(Records drawn from a dataset)
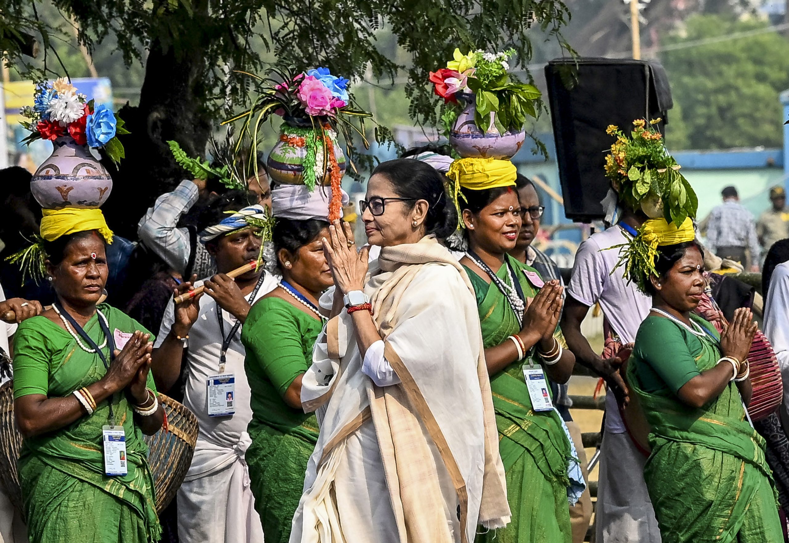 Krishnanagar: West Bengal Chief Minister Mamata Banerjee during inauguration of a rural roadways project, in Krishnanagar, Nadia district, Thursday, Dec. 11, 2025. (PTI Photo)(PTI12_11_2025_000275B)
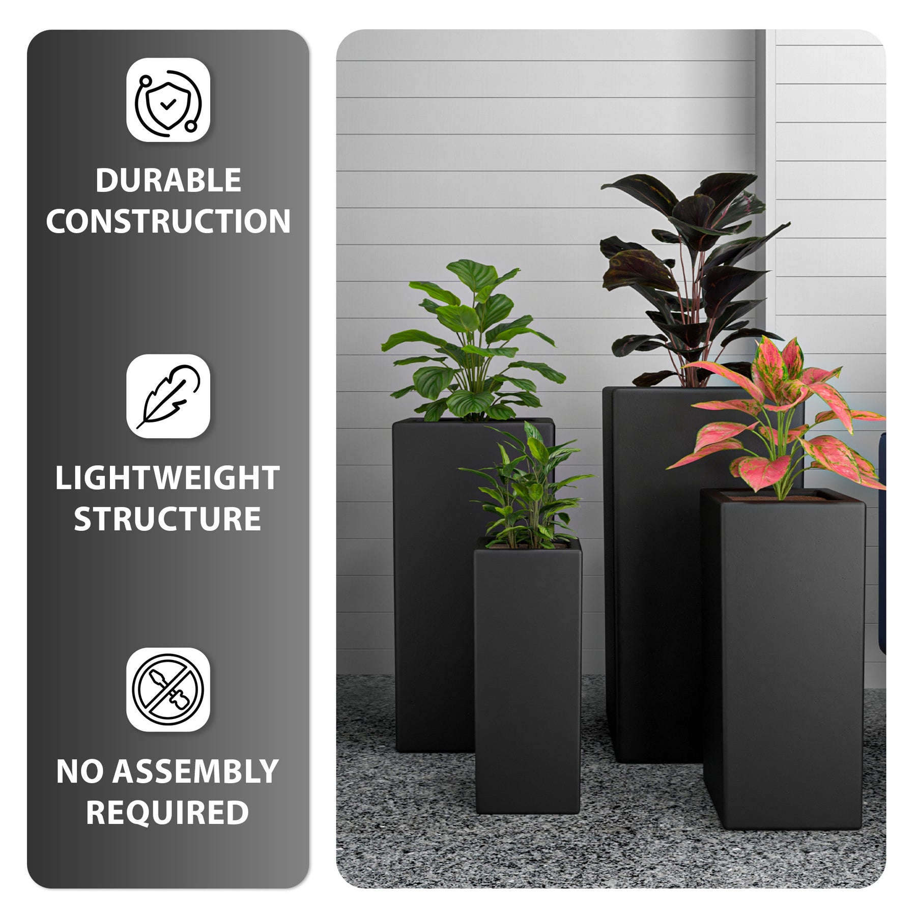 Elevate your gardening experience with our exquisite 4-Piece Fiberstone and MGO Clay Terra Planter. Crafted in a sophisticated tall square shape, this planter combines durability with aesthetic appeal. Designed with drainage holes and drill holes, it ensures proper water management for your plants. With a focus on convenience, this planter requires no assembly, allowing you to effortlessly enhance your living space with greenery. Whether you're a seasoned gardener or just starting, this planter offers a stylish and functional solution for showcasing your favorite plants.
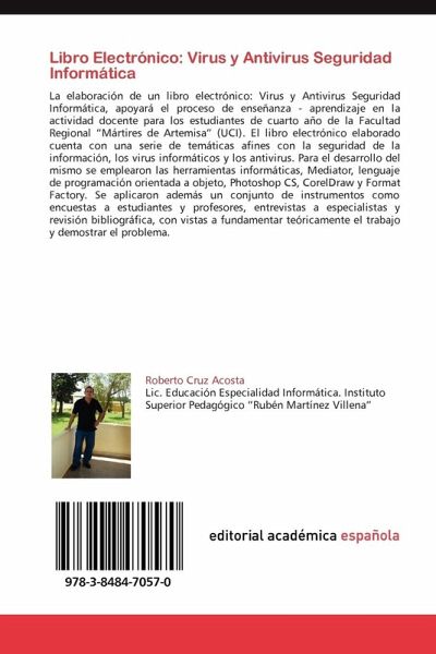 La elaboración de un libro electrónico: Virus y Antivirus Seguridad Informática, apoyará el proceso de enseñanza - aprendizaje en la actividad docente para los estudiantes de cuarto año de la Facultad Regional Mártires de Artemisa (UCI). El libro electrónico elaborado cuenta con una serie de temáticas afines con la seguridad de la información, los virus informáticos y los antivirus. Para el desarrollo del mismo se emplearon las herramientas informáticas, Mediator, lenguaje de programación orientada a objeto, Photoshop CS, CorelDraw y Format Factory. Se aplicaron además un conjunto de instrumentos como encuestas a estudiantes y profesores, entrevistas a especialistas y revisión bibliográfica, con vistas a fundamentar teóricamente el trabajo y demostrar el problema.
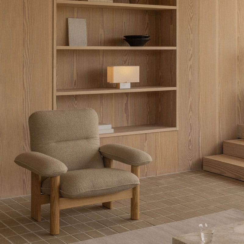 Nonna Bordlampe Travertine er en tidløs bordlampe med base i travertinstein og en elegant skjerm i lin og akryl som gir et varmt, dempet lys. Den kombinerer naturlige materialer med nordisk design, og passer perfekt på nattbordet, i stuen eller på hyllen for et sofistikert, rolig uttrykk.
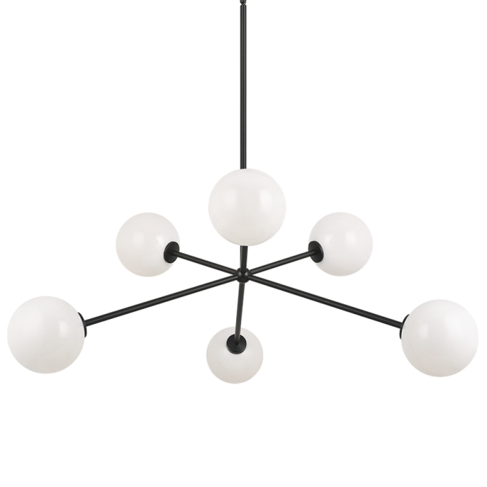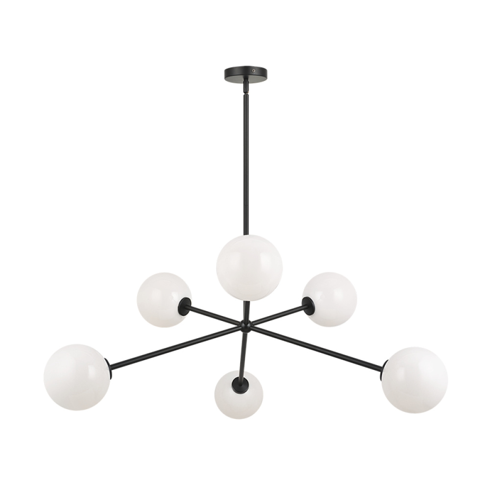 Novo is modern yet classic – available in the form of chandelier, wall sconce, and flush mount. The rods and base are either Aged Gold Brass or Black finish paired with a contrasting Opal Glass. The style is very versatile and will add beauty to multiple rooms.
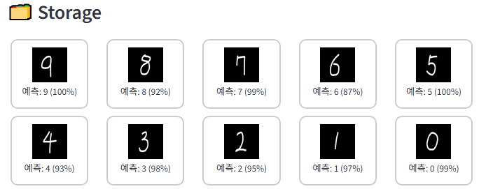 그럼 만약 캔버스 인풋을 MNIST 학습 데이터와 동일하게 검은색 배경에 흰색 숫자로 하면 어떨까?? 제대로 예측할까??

▶ _Work request_
Output the data above exactly, beginning at its first line and ending with the line that holds "Elevate your gardening". Leave out the pictures and add nothing.

▶ _Response_
 Krishnanagar: West Bengal Chief Minister Mamata Banerjee during inauguration of a rural roadways project, in Krishnanagar, Nadia district, Thursday, Dec. 11, 2025. (PTI Photo)(PTI12_11_2025_000275B)
 Elevate your gardening experience with our exquisite 4-Piece Fiberstone and MGO Clay Terra Planter. Crafted in a sophisticated tall square shape, this planter combines durability with aesthetic appeal. Designed with drainage holes and drill holes, it ensures proper water management for your plants. With a focus on convenience, this planter requires no assembly, allowing you to effortlessly enhance your living space with greenery. Whether you're a seasoned gardener or just starting, this planter offers a stylish and functional solution for showcasing your favorite plants.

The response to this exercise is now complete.